Guardare oggi il film di Comencini significa immergersi in un’Italia che forse non esiste più, una
società fondata su valori di cui oggi è sopravvissuta solo una sbiadita ombra appena visibile nella
frenesia in cui viviamo. La realtà familiare tipica di un meridione forse un po’ stereotipato, con la
presenza ingombrante di un padre padrone e una madre priva di autorità ma unica sponda e
complice del figlio sono l’ambiente nel quale il giovane Mimì coltiva le proprie ambizioni e
combatte con le proprie frustrazioni. Sullo sfondo una Calabria che sente solo da lontano l’eco di
un’Italia che sta vivendo il primo vero grande momento di benessere dal secondo dopoguerra e che
da lontano vive le grandi Olimpiadi di Roma 1960, probabilmente il più importante evento
organizzato su suolo italiano fino a quel momento. Il mito di Bikila è la vera ispirazione per
Mimì, quel Bikila che proprio a Roma entrò nel mito dell’atletica mondiale. La sua corsa a
piedi nudi lungo i 42 km della Maratona olimpica rappresentò il modo con l’Africa si presentò per
la prima volta al cospetto del mondo intero, simbolo della definitiva liberazione del continente nero
dal colonialismo europeo. La prima medaglia d’oro di un africano alle Olimpiadi contribuì a
rendere i giochi di Roma leggendari e ad ispirare il ragazzo calabrese e insieme a lui una intera
generazione di giovani atleti.
7. MOMENTI DI GLORIA
Alcuni film sanno regalare momenti, scene o dialoghi
che entrano di diritto nella memoria e nel bagaglio
culturale di ognuno di noi, anche di chi quei film non
li ha mai visti per intero. La scena di Robin Williams
che sale in piedi sulla propria cattedra in un aula
universitaria recitando i versi di Walt Whitman è
familiare anche a chi non ha mai avuto la fortuna di
vedere L’Attimo Fuggente, ad esempio.
Allo stesso modo il film di Colin Welland “Momenti
di Gloria” del 1981 ha saputo fissare nella storia
soprattutto una scena, quella iniziale, grazie anche
alla straordinaria colonna sonora del compositore
greco Vangelis, note associate ormai quasi per istinto
al concetto di impresa sportiva. La scena iniziale a cui facciamo riferimento è la celebre corsa sulla
spiaggia di un gruppo di giovani atleti, durante la quale ci vengono introdotti i due protagonisti
della vicenda. Siamo nel primo dopoguerra, l’Università di Cambridge fa da sfondo alla storia vera
di due velocisti, dapprima rivali, poi amici nel percorso di preparazione alle Olimpiadi di Parigi;
l’anno è il 1924.
Eric Liddell è un grande talento, pastore protestante dai principi religiosi saldissimi: corre
per magnificare la grandezza di Dio ma su una cosa non transige: la domenica è il giorno
dedicato al signore, non si lavora né si gareggia. Harold Abrahams è ambizioso fino
all’ossessione, si allena per diventare un campione e riscattare quel pregiudizio magari velato ma
molto ben visibile e altrettanto fastidioso, conseguenza del suo essere ebreo.

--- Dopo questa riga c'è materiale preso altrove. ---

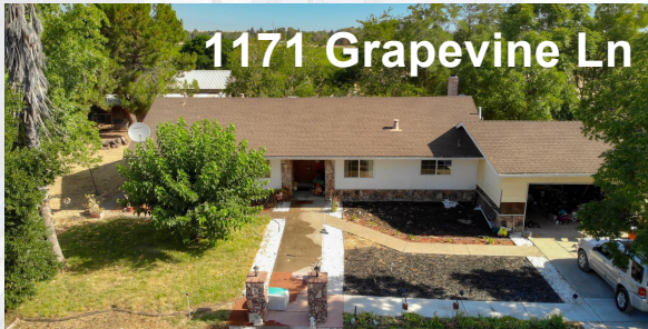
1171 Grapevine Ln

Ranch Style Home On Almost a 5 Acres Lot Reap the benefits of building your multi-generation compound. Call 925-392-3202 for More Information.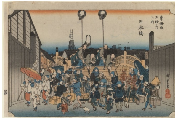
Figure 5. Utagawa Hiroshige. Fifty-three Stations of the Tokaido Road: Nihonbashi. 1833-1834.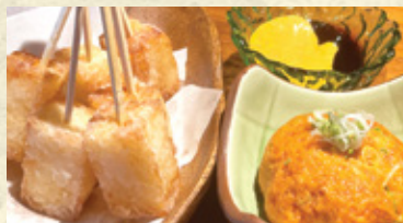
CRISPY RICE W/SPICY TUNA* 10. 95 6pcs/ Spicy Tuna, Avocado, Jalapeno, Spicy Mayo, Eel Sauce on Top of Buttered Crispy Rice

Tra i due all’inizio c’è competizione, rivalità quasi, ma la corsa getta presto il seme di una amicizia
che germoglierà nel corso della storia fino a diventare forte e salda. La vicenda subisce una svolta
quando a Parigi Eric scopre che la
sua gara di qualificazione sui 100
metri è stata fissata la domenica: il
ragazzo si rifiuta di correre per
rimanere fedele ai principi
religiosi che ha scelto di seguire
per tutta la propria vita, e rimane
irremovibile nella propria scelta,
nonostante le pressioni dell’intera
delegazione britannica, della
stampa e persino dei reali inglesi.
Troverà una preziosa sponda in
questo momento di difficoltà proprio in Harold, che sarà tra i pochi ad appoggiare la sua decisione.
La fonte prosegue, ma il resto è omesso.